Читаем Стрельцы полностью

Они вошли опять в хижину, и Валериан рассказал ему подробности поединка.

— Теперь только одно свержение герцога может спасти тебя! — воскликнул Лельский. — Может быть, сегодня ночью этот жестокий временщик…

— Разве решено уже приступить так скоро к делу?

— Нет еще. Сегодня все наши соберутся в доме графа Головкина, к назначенному в три часа обеду, там приступим к общему совещанию. Мы однако ж пойдем к графу несколько ранее. Я еще должен ему тебя представить. С этого огорода мы можем пробраться на двор Головкина. Вон дом его!

Лельский указал на здание, которое возвышалось из-за забора и обращено было окнами на Невский проспект.

— Боже мой! Сюда кто-то идет! — воскликнул Валериан, глядя в окошко.

— Не бойся! Это также наш, я его ожидал.

Вскоре вошел в хижину тот самый прислужник Гейера, который был вместе с ним в доме отца Аргамакова, когда принуждали его подписать отречение от раскола. Валериан, тотчас узнав прислужника, изумился.

— А! Да здесь знакомый! — сказал вошедший. — Видно и он из наших?

— Точно так, — отвечал Лельский. — При нем можно все говорить. Ну, что нового, любезный Маус?

— Ни всемогущий герцог, ни всеведущий Гейер ничего еще не знают о нашем деле. Хорошо, что вы здесь! — продолжал прислужник, обращаясь к Валериану. — Брат герцога отстоял только вашего друга, капитана, за то, что он не допустил вас разрубить ему голову на поединке. И в вашу защиту он сказал слова два, три, но когда герцог закричал: расстрелять его! — то ваш противник, не найдя, видно, в этом большого неудобства, тотчас согласился и замолчал.

— Я думаю, теперь везде поручика ищут? — спросил Лельский.

— Как же! Генерал велел мне везде искать вас и схватить, — сказал Маус Валериану. — Берегись, господин поручик! Я вас днем и ночью по всему городу искать буду. Видите ли, иногда и найденного можно искать пуще ненайденного. Между прочим, должен я вам еще сказать, что Гейер велел, покуда вас не сыщут, держать под караулом вашего отца, и объявил ему, что если он не скажет, где вы, то подписанное им отречение от ереси будет представлено герцогу в виде признания, и отца вашего сожгут.

— Что с вами, поручик? Вы ужасно побледнели и дрожите, — сказал Лельский. — Вы видите, что Маус вас нарочно пугает, что он шутит.

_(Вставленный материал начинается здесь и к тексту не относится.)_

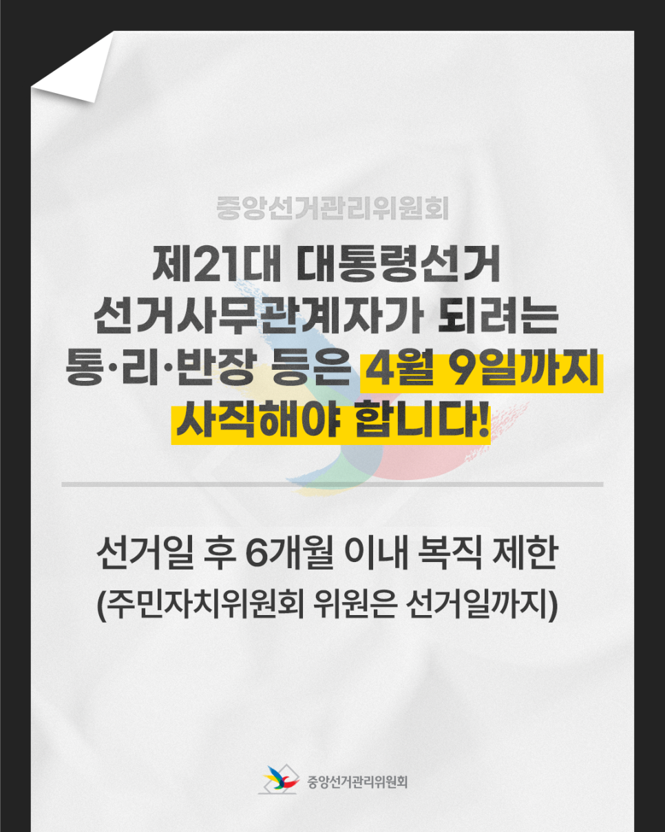제21대 대통령선거 선거사무관계자가 되려는 통·리·반장 등은 4월 9일까지 사직해야합니다.
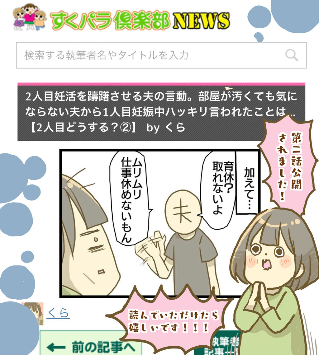 お知らせ 2022年09月16日 すくパラ様で第二話公開されました!スクパラでしか読めないお話となっておりますので読んでいただけると嬉しいです!どうぞよろしくお願いいたします。コチラから読めます!妊娠悪阻で生き地獄な妊娠話はこちら 母乳ミルク問題はこちら 寝る赤ちゃんはこちら ワンオペ育児で夫と喧嘩した話はこちら 義実家帰省愚痴日記はこちら たまおのつかまり立ち奮闘記 ワンオペ育児の通院話はこちら 児童館デビューのお話はこちら 妊娠と仕事の葛藤はこちら 「その他」カテゴリの最新記事 タグ :#育児絵日記#漫画#実録漫画#コミックエッセイ#夫婦 < 前の記事次の記事 >
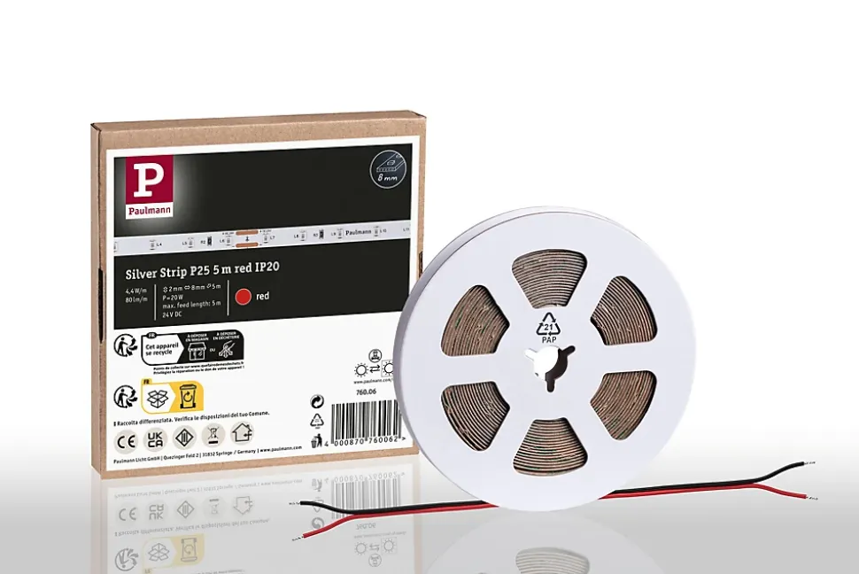Le Pro Strip Silver P25 professionnel 24 V d’une longueur de 5 m, de couleur rouge, n’est pas pourvu de revêtement (IP20) et possède un câble de raccordement aux deux extrémités ouvertes. Avec 60 LED/m et 80lm/m, il crée un éclairage d’appoint agréable. Les Pro Strips de qualité Silver conviennent parfaitement à une utilisation professionnelle dans des locaux commerciaux et privés et produisent une très bonne qualité de lumière avec un rendu des couleurs de CRI ≥ 80 et une consistance des couleurs de SDCM 5. Des composants de haute qualité garantissent une longue durée de vie d’au moins 30.000 heures. Commandez également le Controller et la télécommande, y compris la commande d’une ou de plusieurs zones, ainsi que les fonctions Quick Connect et réseau maillé. Vous avez également le choix entre les connecteurs Slim ou Quick, qui couvrent toutes les possibilités de raccordement et visent un encombrement minimal ou une installation efficace. De plus, une sélection d’alimentations à très longue durée de vie (50 000 heures) est disponible en cinq niveaux de puissance.

— Да, да! Я шучу, хотя и не совсем, — сказал Маус. — Гейер пугает вашего отца, ну, а сожгут ли его, это еще вопрос. Может быть, он сказал так, для шутки, хотя его, по моему мнению, шутка плохая.

— Мы предупредим это злодейство, — сказал Лельский Валериану, — успокойтесь.

— Веди меня к Гейеру! — воскликнул вдруг Валериан, обратясь к Маусу.

— Что вы, поручик! Шутите? — сказал удивленный прислужник.

— Веди! Я не хочу подвергать отца моего ужасной казни. Кто знает, удастся ли предприятие наше, успеем ли предупредить злодеев и спасти бедного отца моего. Веди!

— Я не пущу тебя! — вскричал Лельский. — Кто поручится, что пытка не заставит тебя открыть все и предать всех нас. Притом вспомни, что ты поклялся честью действовать с нами заодно до окончания дела.

— Клянусь честью, что никакие мучения пытки не принудят меня изменить вам.

— И что ты так же твердо сдержишь и эту клятву, как первую? Нет, я не могу пустить тебя. Ты принудишь меня употреблять силу и даже… этот кинжал… Он приготовлен для защиты от злодеев, он же может наказать и бесчестного человека, который нарушает свое слово. Если пойдешь к Гейеру, то докажешь, что ты подлый человек.

Чувство чести и чувство любви к родителю, восставленные один против другого в душе Валериана, боролись между собой и терзали его сердце. Невольно вспомнил он советы своего друга.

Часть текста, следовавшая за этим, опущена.